## WHAT IS NEEDED
Skip any pictures. Repeat the data exactly, from its first line through the line that holds "As I made my", both included.

## SOURCE DATA
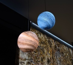 - Решение с кроватями: в домике-сфере кровать на первом этаже представляет собой раму из массива дерева с матрасом. Это красиво, но из-за небольшого размера домика деревянные торчащие части слегка травмоопасны, особенно в темноте. На верхнем уровне расположен матрас, который идет скорее как дополнительное спальное место.
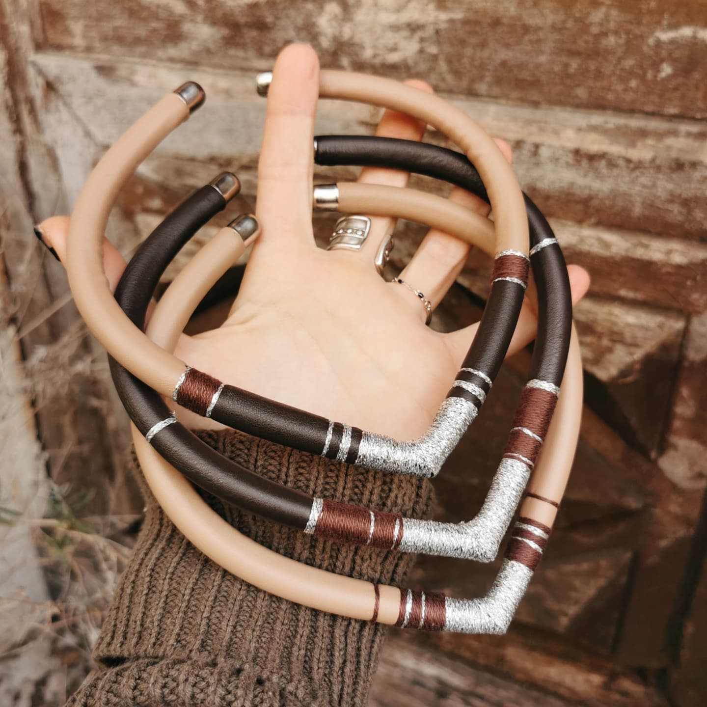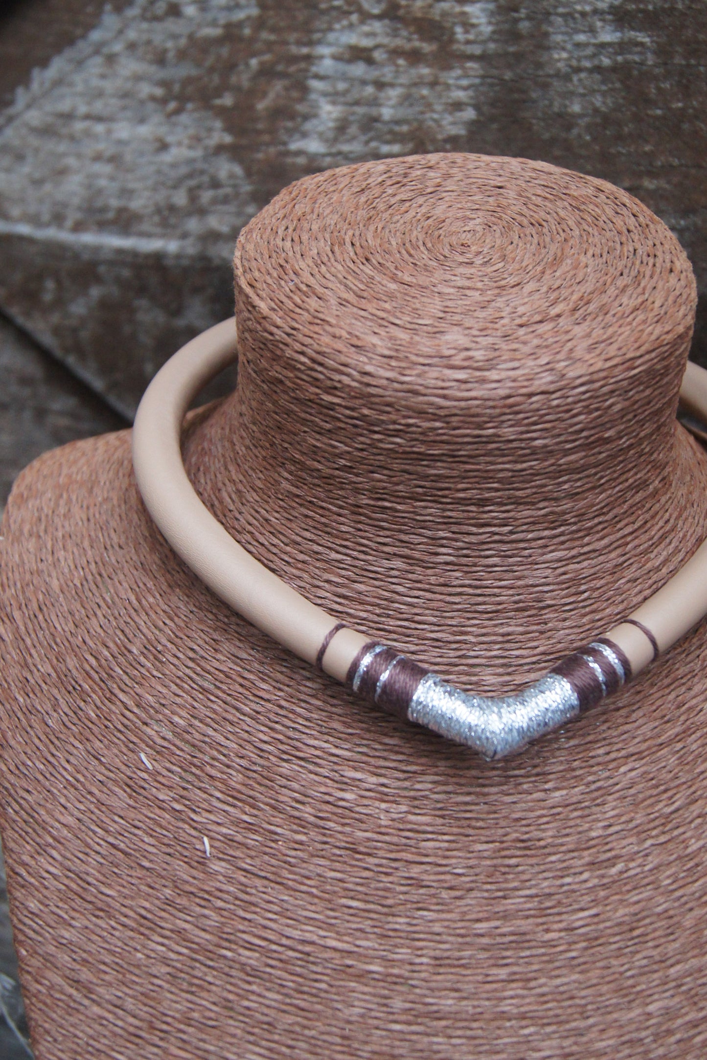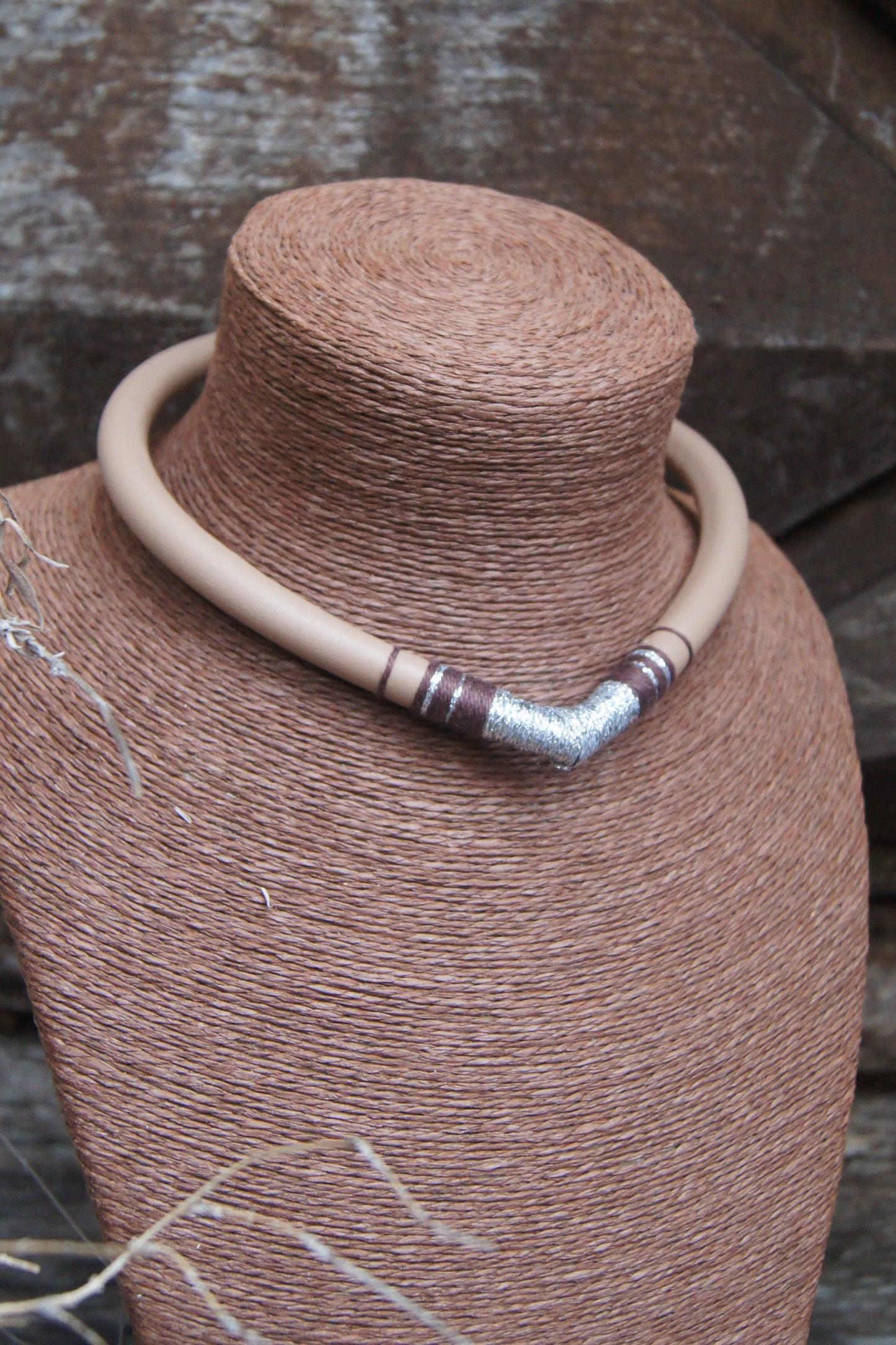 J'ai confectionné ce collier avec du tissu en simili cuir de couleur marron, bronze et beige que j'ai cousu a la machine .
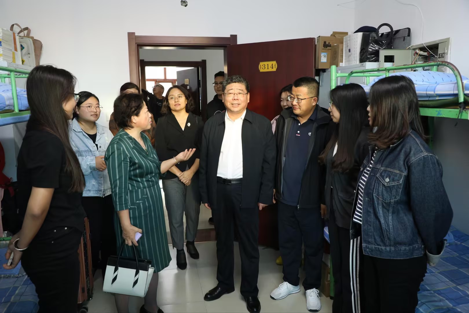 为进一步落实立德树人根本任务,推进“一站式”学生社区建设,深入了解学生生活和思想状况,9月6日下午,校党委书记李文阁深入3号学生宿舍楼走访调研,党政办公室、学生工作处负责人,马克思主义学院领导陪同调研。走访中,李文阁仔细察看宿舍居住环境、配套设施,并与马克思主义学院2023级学生亲切交谈,询问同学们在学习生活等方面情况,鼓励同学们相互学习,共同进步,努力拼搏,向成为“学霸宿舍”努力。他表示,学校将一如...
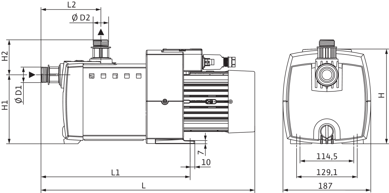 Многоступенчатый горизонтальный центробежный насос с сухим ротором, самовсасывающий, с непосредственно прифланцованным электродвигателем. Не требующее техобслуживания скользящее торцовое уплотнение в месте прохода вала.
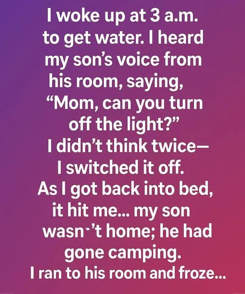 As I made my way to the kitchen to get a glass of water, I suddenly heard my son’s voice calling from his room.
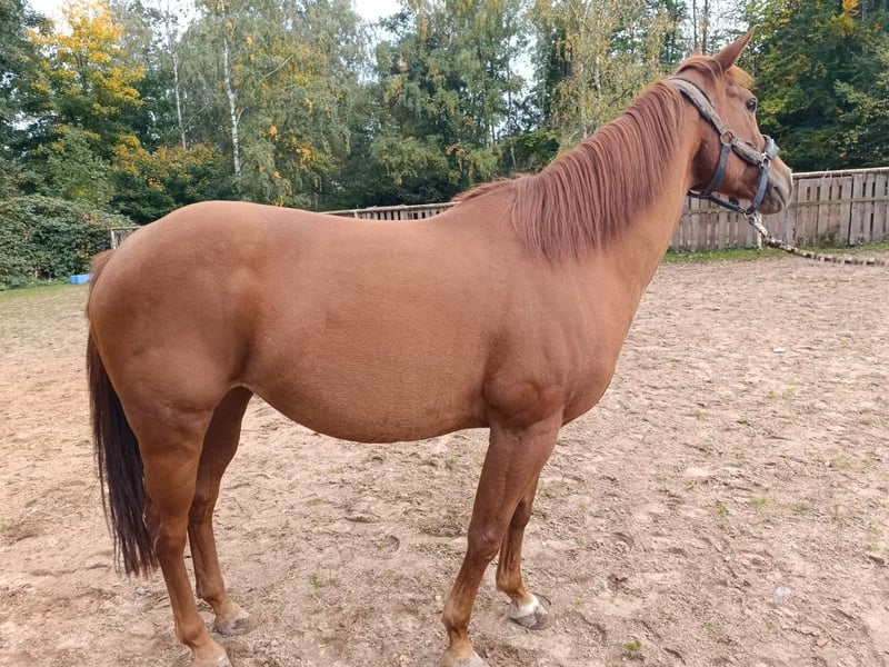 Location: Saarland Price: €1,000 VB Age: 12 years Height: approx. 1.55 m (15.1 hh) We are looking for a loving and permanent home for a sensitive Quarter Horse mix mare (12 years old) – ideally as a companion horse or for pampering and cuddling. About the mare: She was ridden by 13- to 14-year-old girls until about a year ago. She was always well-behaved in the terrain, only showing some temperament when cantering or if she was a bit stubborn – never dangerous, but with her own opinions. In the riding arena, however, she became increasingly stubborn, leading to the suspicion that back or nerve issues might be involved. Despite several physiotherapy treatments, no clear cause has been identified. Currently, she no longer has a riding partner, and riding with a Western saddle is not working, so she is being sold as unrideable for now. Perhaps this could improve with a gentle rider, an appropriate saddle, and patience – but nothing can be guaranteed. Character & Handling: A very sensitive, loving, and affectionate mare who seeks a calm, empathetic person. She is social and balanced with other horses once she has built trust. Haltering and bridling require patience and gentle handling – she can become nervous in hectic situations. She knows dogs and loves spending time with people who understand her. Health & Keeping: Generally healthy Back sensitive → currently unrideable No known chronic illnesses No Western saddle, no heavy rider Loves quiet herds and a harmonious environment Priority is the right home! Most important is a loving, patient, and experienced person who will give her a good life and allow her to simply be a horse. This is not an emergency sale – finding the right home is our top priority.
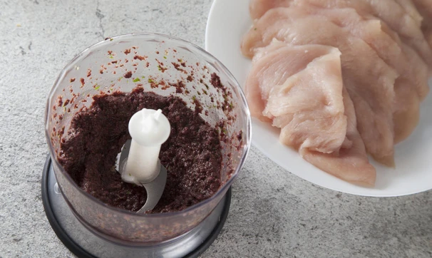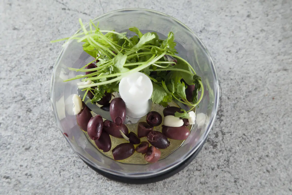 Оливки (без жидкости), чеснок и петрушку с оливковым маслом пробейте в блендере в пасту.
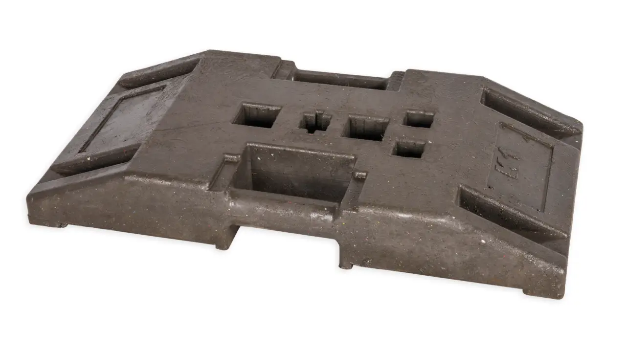 Das Modell 10006.2 ist ein einfacher K1-Kunststofffuß mit einem Gewicht von 28 kg. Aufgrund seiner Form eignet er sich sehr gut für unebenes Gebiet.
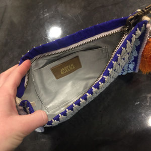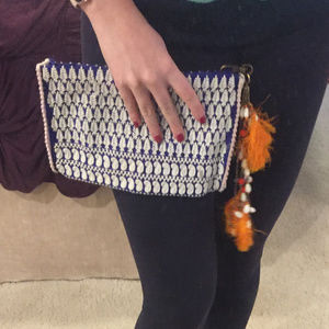 Jasper & Jeera Clutch from Anthropology! Barely used at all! I love this stylish clutch, it's a great pop of color for any outfit! I bought it a year ago and, unfortunately, do not carry clutches often so it's gotten very little use from me. Fortunately for you, it's gotten very little use from me and is practically new! Also, the entire chain of fringe does clip off of the clutch if you would like!
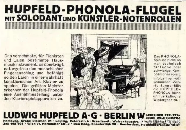 由隆尼施提供三角钢琴与立式钢琴给霍普菲尔德,
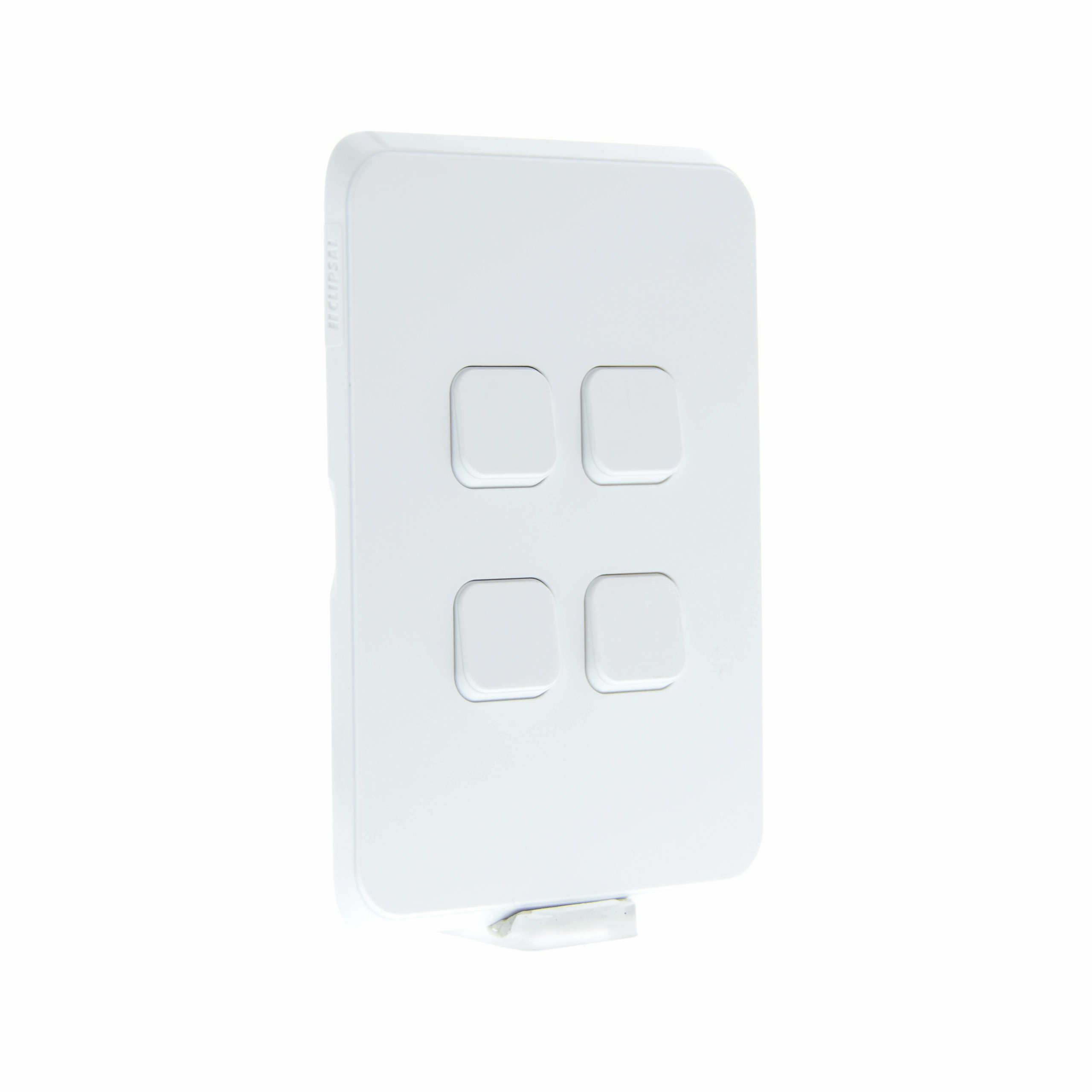 The Switches, Iconic, 4 gang, vertical, 1 or 2 way, 20 A / 16 AX, White has a part number of 3044VA-XW, and is part of the range of products by Clipsal by Schneider Electric. Measuring at 39MM tall, 83MM wide, 125MM deep, and has a weight of 125kg. The barcode of this product is 9311554795191.
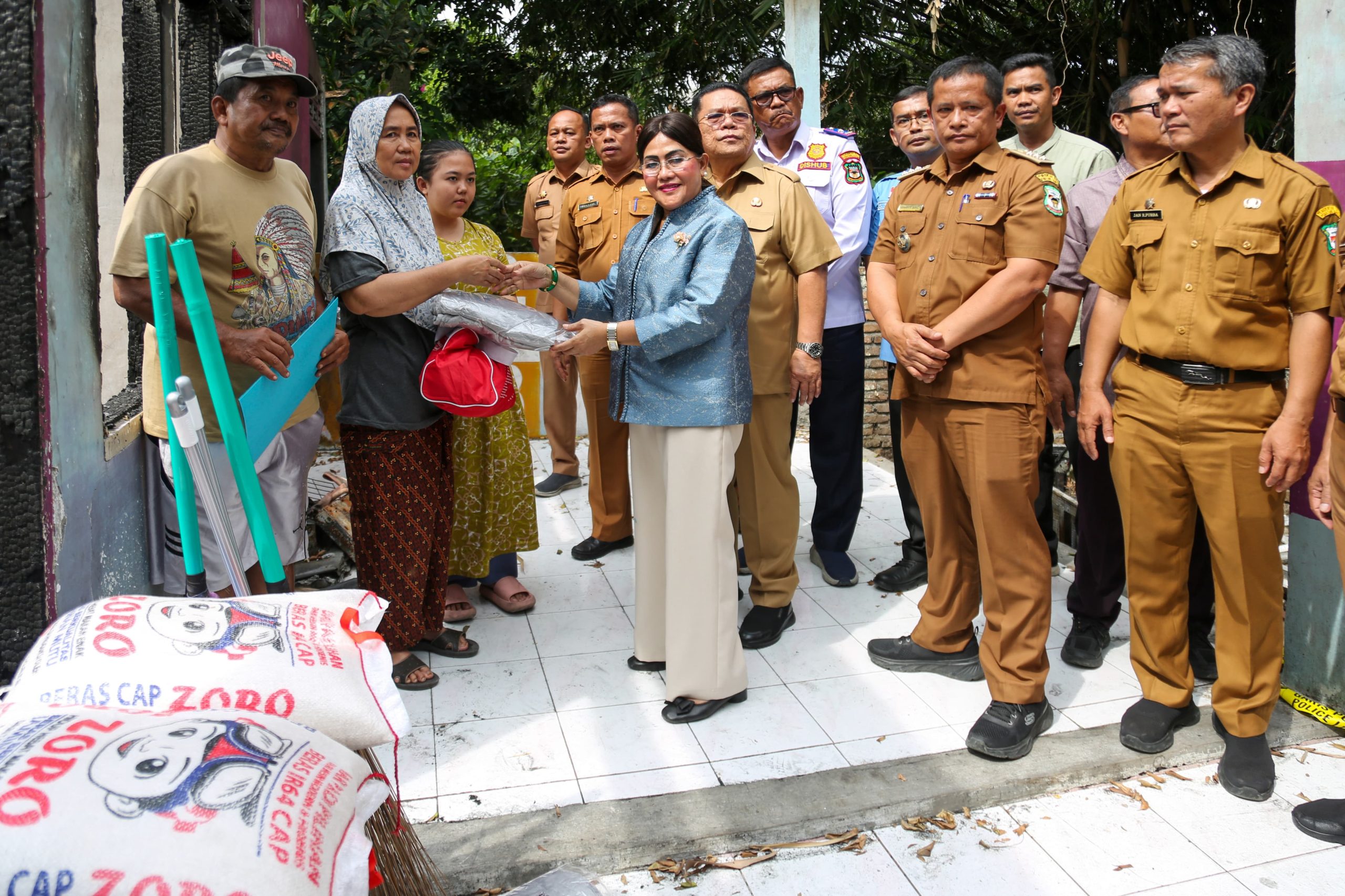 PEMATANGSIANTAR – Wali Kota Pematangsiantar Wesly Silalahi, SH, MKn, didampingi Ketua TP PKK Kota Pematangsiantar Ny. Liswati Wesly Silalahi, menyerahkan bantuan kepada keluarga Sulfan Solihin (63), korban kebakaran rumah di Jalan Kasuari, Kelurahan Sipinggol-pinggol, Kecamatan Siantar Barat, Selasa (20/01/2026). Rumah milik pensiunan TNI tersebut terbakar pada Kamis (15/01/2026).

## SOLUTION FOR THIS TASK
 - Решение с кроватями: в домике-сфере кровать на первом этаже представляет собой раму из массива дерева с матрасом. Это красиво, но из-за небольшого размера домика деревянные торчащие части слегка травмоопасны, особенно в темноте. На верхнем уровне расположен матрас, который идет скорее как дополнительное спальное место.
 J'ai confectionné ce collier avec du tissu en simili cuir de couleur marron, bronze et beige que j'ai cousu a la machine .
 为进一步落实立德树人根本任务,推进“一站式”学生社区建设,深入了解学生生活和思想状况,9月6日下午,校党委书记李文阁深入3号学生宿舍楼走访调研,党政办公室、学生工作处负责人,马克思主义学院领导陪同调研。走访中,李文阁仔细察看宿舍居住环境、配套设施,并与马克思主义学院2023级学生亲切交谈,询问同学们在学习生活等方面情况,鼓励同学们相互学习,共同进步,努力拼搏,向成为“学霸宿舍”努力。他表示,学校将一如...
 Многоступенчатый горизонтальный центробежный насос с сухим ротором, самовсасывающий, с непосредственно прифланцованным электродвигателем. Не требующее техобслуживания скользящее торцовое уплотнение в месте прохода вала.
 As I made my way to the kitchen to get a glass of water, I suddenly heard my son’s voice calling from his room.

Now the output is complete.